N Kovalchuk1*, L Skinner1, E Blomain1, R Hoppe1, S Hiniker1, (1) Stanford University Cancer Center, Palo Alto, CA


(Sunday, 7/12/2020)   [Eastern Time (GMT-4)]

Room: AAPM ePoster Library

Purpose: Pulmonary toxicity and infertility has a paramount influence on the quality of life of the patients undergoing Total Body Irradiation (TBI). Here we report on implementation of the Volumetric Arc Therapy (VMAT)-based TBI technique aimed at achieving improved lung and gonadal sparing.

Methods: From October 2019 to March 2020 seven patients were treated with a VMAT-based TBI technique on C-arm LINAC. VMAT plans were generated with 3 isocenters in head first supine (HFS) position with additional AP-PA plans with 1-2 isocenters in feet first supine (FFS) position. To switch from HFS to FFS positions without re-positioning the patient, an in-house-developed rotational couch-top was used enabling 180°-rotation. Patients were treated with a range of TBI doses (2Gy-12Gy) depending on protocol. For dosimetric comparison between conventional 2D and VMAT approaches, a simulated 2D plan replicating our current clinical setup with lung blocks, chest wall boosts and testes shield was created for one patient receiving 2Gy TBI.

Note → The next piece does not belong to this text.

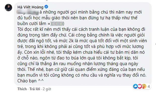 Không biết sau những comment trên, anh chàng H.H đã hiểu ra mọi chuyện chưa. Nhưng trước sự ủng hộ nhiệt tình của Hà Việt Hoàng, số bình luận đã lên đến hàng trăm và thu hút sự chú ý của cộng đồng mạng.

Results: With VMAT TBI technique for all patients, the mean dose to lungs and kidneys was 63.3%±6.8% and 58.3%±10.9% of prescription, respectively. Three pediatric aplastic anemia patients undergoing 2Gy-TBI regimen received mean doses to testes <0.4Gy, ovaries <0.6Gy, brain <1.5Gy, thyroid <1.4Gy. Compared to 2D conventional TBI technique, VMAT TBI technique provided superior target coverage (D90% = 100% for VMAT vs 95.3% for 2D), lower lung dose (Dmean=55% for VMAT vs 89% for 2D), lower testes dose (Dmean=22.3% for VMAT vs 67.8% for 2D). The average treatment time was 43.3 min (range, 25.1 min to 57.5 min).

Conclusion: This preliminary report suggests that VMAT TBI exhibited improved lung and gonadal sparing compared to the conventional approach. This treatment was clinically tractable and well-tolerated. The present study can serve as a proof-of-concept for further prospective studies evaluating this technique for wider applications in populations receiving TBI.